Science Fair Project Encyclopedia
Arthur Schnitzler
Arthur Schnitzler (May 15, 1862 - October 21, 1931) was an Austrian writer and doctor.
He was born in Vienna and began studying medicine at university in 1879 where he received his doctorate of medicine in 1885. He then worked in Vienna's General Hospital (Allgemeines Krankenhaus).
His works illuminated personal relationships so cuttingly (causing scandals more than once) that fellow Viennese Sigmund Freud confessed almost enviously that Schnitzler succeeded in intuitively finding solutions where he himself required long scientific research to achieve the same result. Despite his seriousness of purpose, Schnitzler frequently approaches the bedroom farce in his plays.
He meticulously kept a diary from the age of seventeen until two days before his death in Vienna. This manuscript of almost 8,000 pages has been edited in ten volumes between 1981 and 2000 by the Austrian Academy of Sciences.
The British playwright Tom Stoppard adapted Schnitzler's play Leibelei as Dalliance, and Das weite Land as Undiscovered Country.
Selected works
- Reigen (1900), usually called La Ronde, is still frequently presented.

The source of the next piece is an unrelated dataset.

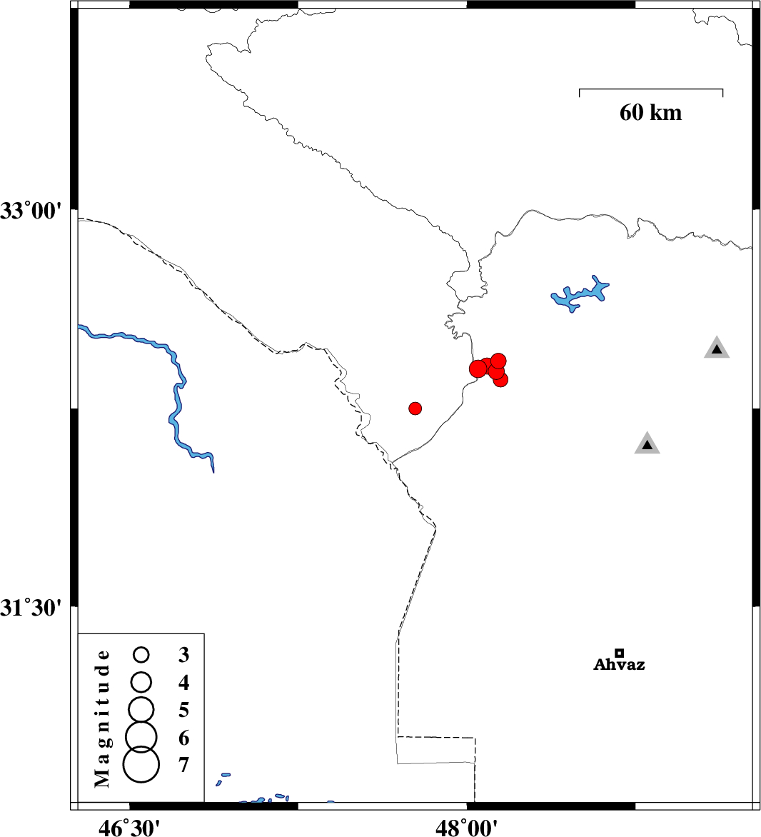 | 2019/10/13 | 02:06:27.2 | 05:36:27.2 | 32.43 | 48.14 | 14 | ML3.1 | Khoozestan Province, 20 km -West of Andimeshk | ||

Max Ophüls directed the first movie adaptation of the play in 1950, and Roger Vadim directed a second version in 1964.
- Anatol (1893)
- Anatols Größenwahn
- Das weite Land (1909)
- Der grüne Kakadu
- Professor Bernhardi (1912)
- Leutnant Gustl (1900)
- Liebelei (1895) (made into film by Max Ophüls)
- Traumnovelle (1925/26) (adapted as the film Eyes Wide Shut by American director Stanley Kubrick)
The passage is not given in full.